Give every line of the material back exactly, images removed.
▬▬▬▬▬▬
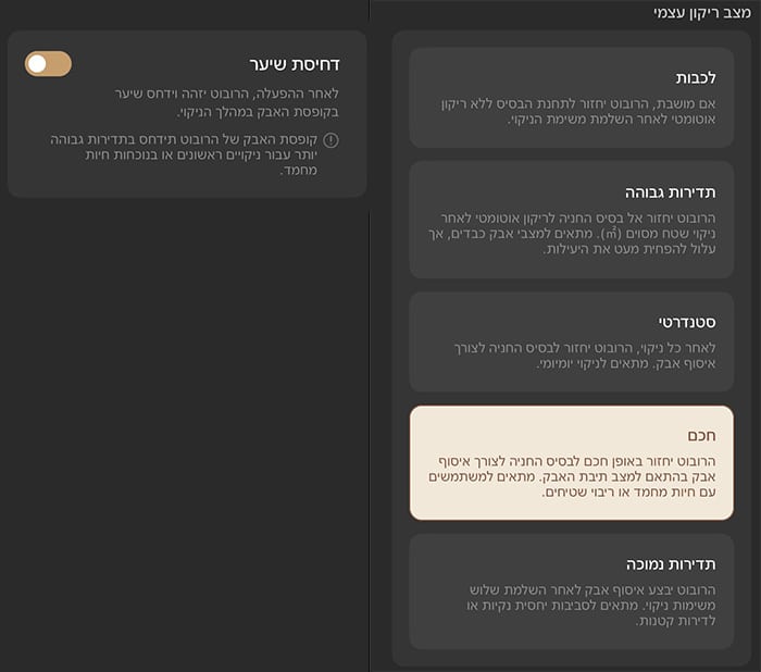 ניתן לקבוע את תדירות שטיפה מגב בזמן ניקיון – מתי השואב יחזור לבסיס לשטיפה במהלך הניקיון.
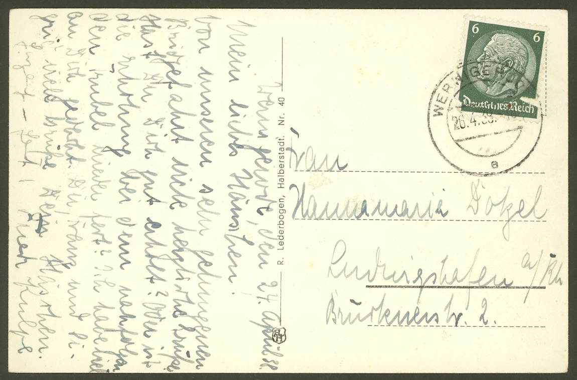 Von mir eine Ansichtskarte, die am 26.4.1938 von Wernigerode nach Ludwigshafen am Rhein befördert worden ist.
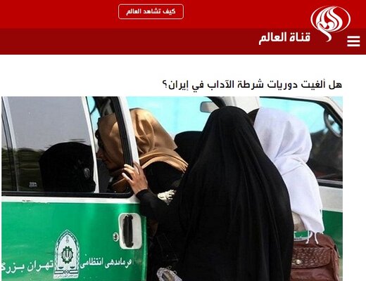 فرارو نوشت: شبکه «العالم» در واکنش به اعلام خبر «گشت ارشاد تعطیل شد» از سوی دادستان کل کشور تاکید کرد:«هیچ مقام رسمی در جمهوری اسلامی ایران مساله تعطیلی گشت ارشاد را تایید نکرده است».
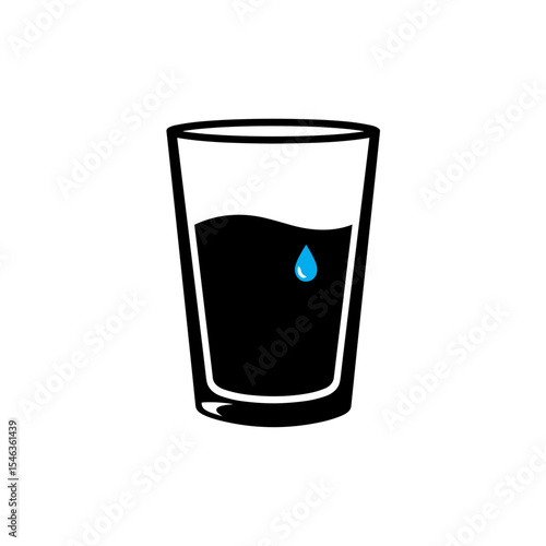 Glass of dark liquid with blue droplet, minimalistic design, copy space
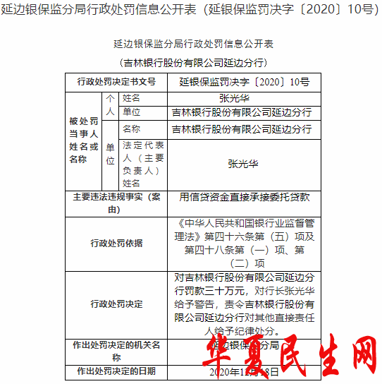 中国经济网北京12月23日讯 银保监会网站昨日公布的延边银保监分局行政处罚信息公开表(延银保监罚决字〔2020〕10号)显示,吉林银行股份有限公司(以下简称“吉林银行”)延边分行存在用信贷资金直接承接委托贷款的违法违规行为,行长张光华为相关责任人。
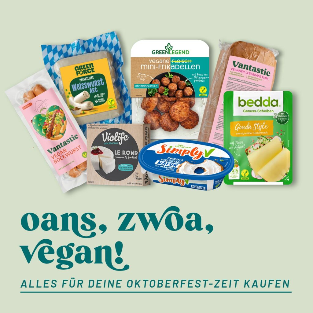 Für alle, die zuhause veganes Oktoberfestfeeling zaubern wollen, probiert mal unsere vegane Wies’n-Bowl mit Schwammerl und Serviettenknödel oder eine vegane Oktoberfestbrotzeit.
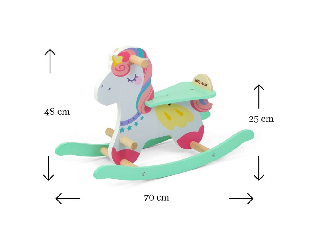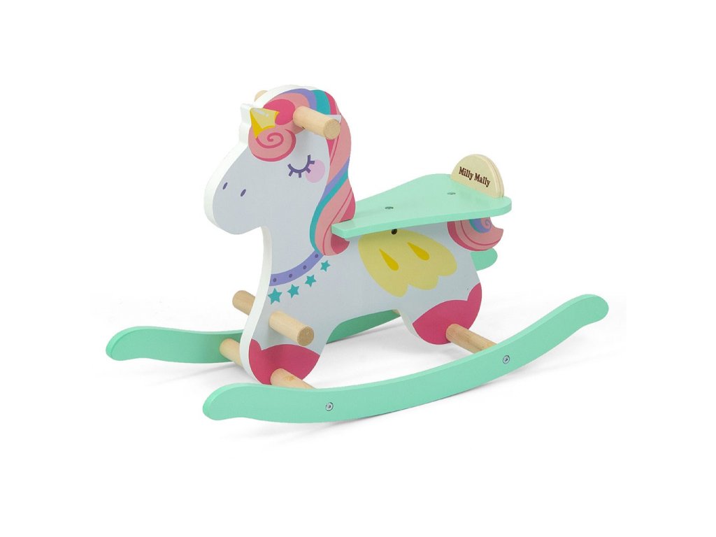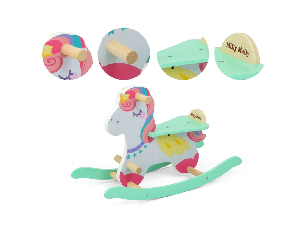 Drevený hojdací koník s operadlom Milly Mally Lucky 18 Unicorn - 55595
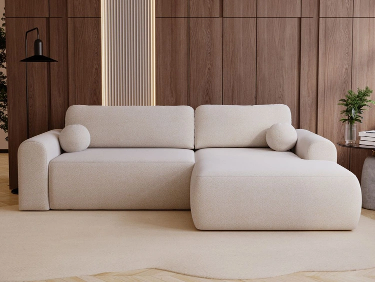 Das Ecksofa Savana überzeugt durch ein minimalistisches, modernes Design und fügt sich harmonisch in aktuelle Einrichtungstrends ein. Zwei große Rückenkissen bieten eine stabile Unterstützung für den Rücken, während die Sitzfläche aus einer Kombination von Wellenfedern und hochwertigem Polsterschaum für Elastizität, Langlebigkeit und Formbeständigkeit sorgt. Zusätzlich ist das Modell mit zwei Armlehnen sowie zwei kleinen, runden Dekokissen ausgestattet.
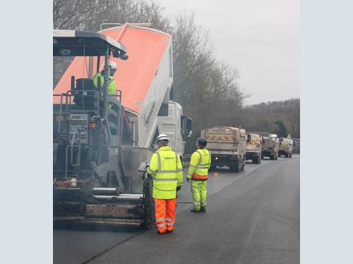 What makes the pavement trialed on the A30 unique is that it is an innovative lower carbon asphalt that incorporates polymer-modified bitumen containing biogenic material.
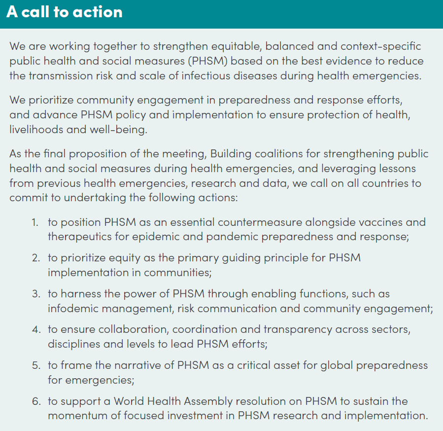 Leveraging country experiences and lessons learned from previous health emergencies, global health experts put forth a call to action for PHSM during the WHO meeting, Building coalitions for strengthening public health and social measures during health emergencies, during 14 - 15 June 2023.
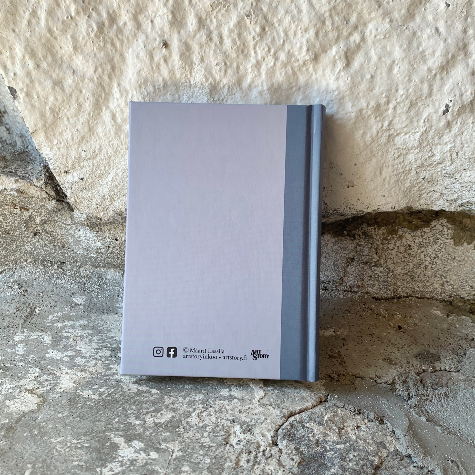 Kovakantinen muistikirja. Kannen kuosi on Maarit Lassilan maalauksesta painettu kotimaassa.Tyhjät sivut odottavat juuri sinun tarinoita, runoja ja luonnoksia, tai vaikka vieraiden lämpimiä viestejä vieraskirjana.
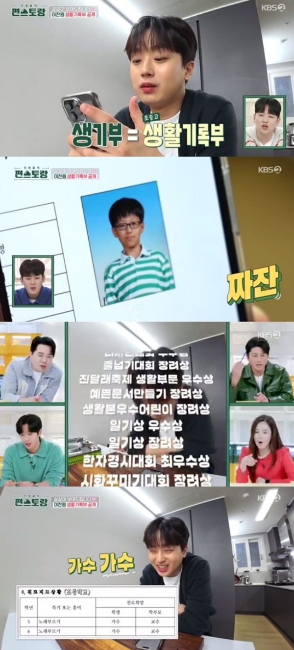 이찬원의 초, 중, 고 시절 생활기록부가 방송에서 공개되는 것은 이번이 처음이다. 먼저 생활기록부 속 자신의 과거 사진을 본 이찬원은 "너무 웃겨"라며 빵 터졌다.
▬▬▬▬▬▬
Reply to the exercise |
 ניתן לקבוע את תדירות שטיפה מגב בזמן ניקיון – מתי השואב יחזור לבסיס לשטיפה במהלך הניקיון.
 Von mir eine Ansichtskarte, die am 26.4.1938 von Wernigerode nach Ludwigshafen am Rhein befördert worden ist.
 فرارو نوشت: شبکه «العالم» در واکنش به اعلام خبر «گشت ارشاد تعطیل شد» از سوی دادستان کل کشور تاکید کرد:«هیچ مقام رسمی در جمهوری اسلامی ایران مساله تعطیلی گشت ارشاد را تایید نکرده است».
 Glass of dark liquid with blue droplet, minimalistic design, copy space
 中国经济网北京12月23日讯 银保监会网站昨日公布的延边银保监分局行政处罚信息公开表(延银保监罚决字〔2020〕10号)显示,吉林银行股份有限公司(以下简称“吉林银行”)延边分行存在用信贷资金直接承接委托贷款的违法违规行为,行长张光华为相关责任人。
 Für alle, die zuhause veganes Oktoberfestfeeling zaubern wollen, probiert mal unsere vegane Wies’n-Bowl mit Schwammerl und Serviettenknödel oder eine vegane Oktoberfestbrotzeit.
 Drevený hojdací koník s operadlom Milly Mally Lucky 18 Unicorn - 55595
 Das Ecksofa Savana überzeugt durch ein minimalistisches, modernes Design und fügt sich harmonisch in aktuelle Einrichtungstrends ein. Zwei große Rückenkissen bieten eine stabile Unterstützung für den Rücken, während die Sitzfläche aus einer Kombination von Wellenfedern und hochwertigem Polsterschaum für Elastizität, Langlebigkeit und Formbeständigkeit sorgt. Zusätzlich ist das Modell mit zwei Armlehnen sowie zwei kleinen, runden Dekokissen ausgestattet.
 What makes the pavement trialed on the A30 unique is that it is an innovative lower carbon asphalt that incorporates polymer-modified bitumen containing biogenic material.
 Leveraging country experiences and lessons learned from previous health emergencies, global health experts put forth a call to action for PHSM during the WHO meeting, Building coalitions for strengthening public health and social measures during health emergencies, during 14 - 15 June 2023.
 Kovakantinen muistikirja. Kannen kuosi on Maarit Lassilan maalauksesta painettu kotimaassa.Tyhjät sivut odottavat juuri sinun tarinoita, runoja ja luonnoksia, tai vaikka vieraiden lämpimiä viestejä vieraskirjana.
 이찬원의 초, 중, 고 시절 생활기록부가 방송에서 공개되는 것은 이번이 처음이다. 먼저 생활기록부 속 자신의 과거 사진을 본 이찬원은 "너무 웃겨"라며 빵 터졌다.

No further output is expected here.